But we are as trapped by our natures as we are by gravity. We can escape them, but it is difficult and dangerous. New perspectives change us dramatically, for we leave the comfort of our routine for the great unknown. Yet change is inevitable.

Will you change on your own terms, or wait for gravity to force it upon you?

~Grimfaeth


Naxthul slammed the control panel shut with a snarl, startling Grim. "It's no use!" He said. "The damned power source just isn't enough. No juice for the circuitry, even though the projectors should be working fine."

"So you're saying you can't get it working?" Grim asked.

"Not unless there's something else around here we can scrounge up for it," Naxthul replied. "More importantly, something which works with the same systems."

"What about the golem below us?" Grim asked. "Maybe you can make use of that?"

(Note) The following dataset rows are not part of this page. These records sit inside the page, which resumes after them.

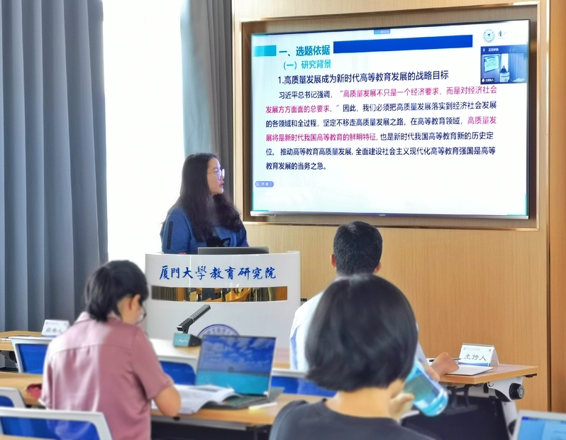 2019级硕士生陈凤菊作题为《高质量发展背景下我国本科教育质量提升路径探寻》报告,她先梳理了高质量发展的概念,其次描述了我国本科教育质量发展现状,得出学生能力发展总体一般,学校学习环境与条件比较能够满足学生学习需求等结论,进而提出创新体制机制,满足学生求学需求,扩大“内外”开放,激发学习兴趣的建议。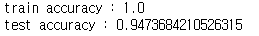 즉 모델이 테스트 데이터셋에 있는 샘플 중 94.73%를 정확히 예측하였습니다.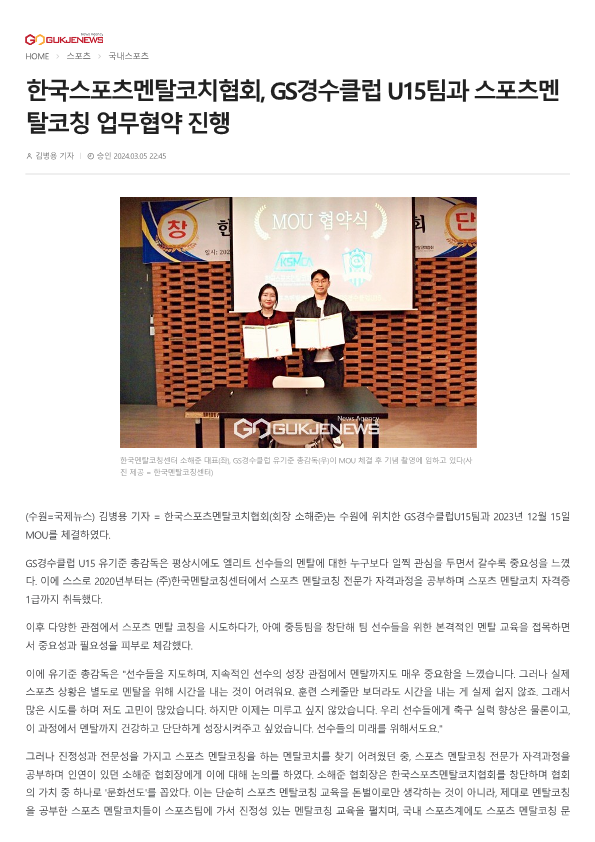 한국스포츠멘탈코치협회, GS경수클럽 U15팀과 스포츠멘탈코칭 업무협약...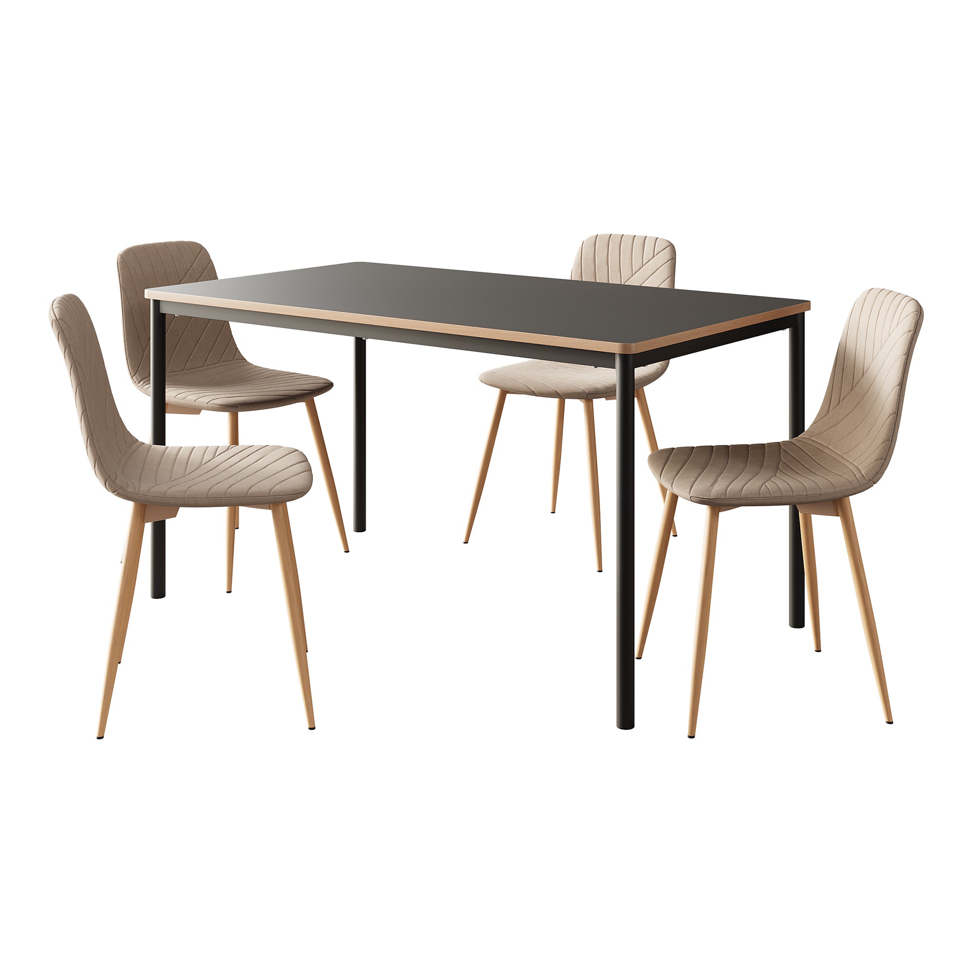 Questo elegante gruppo da pranzo è composto da un tavolo da pranzo e quattro sedie perfettamente coordinate. Con il suo design senza tempo, porta stile e comfort in ogni sala da pranzo.

Shaking his head, Naxthul replied, "No, I had to destroy its power source in order to bring it down. It's just a heap of metal right now, most of which would prove useless in this age. I don't think there's a forge fire hot enough to melt it, but maybe with magic someone could manage it."

"And there are no other systems we can use here?" Grim asked.

Smiling, Naxthul turned to Grim. "Well, that's unexpected. You want to experience it just as much as I want to show you, don't you? What a delightful turn of events."

"You said it yourself," Grim replied, "I can still kill you either way. I don't mind waiting until you show me what you mean to show me. Also, there is the allure of learning how to work a Sendar archive complete with all of its records…"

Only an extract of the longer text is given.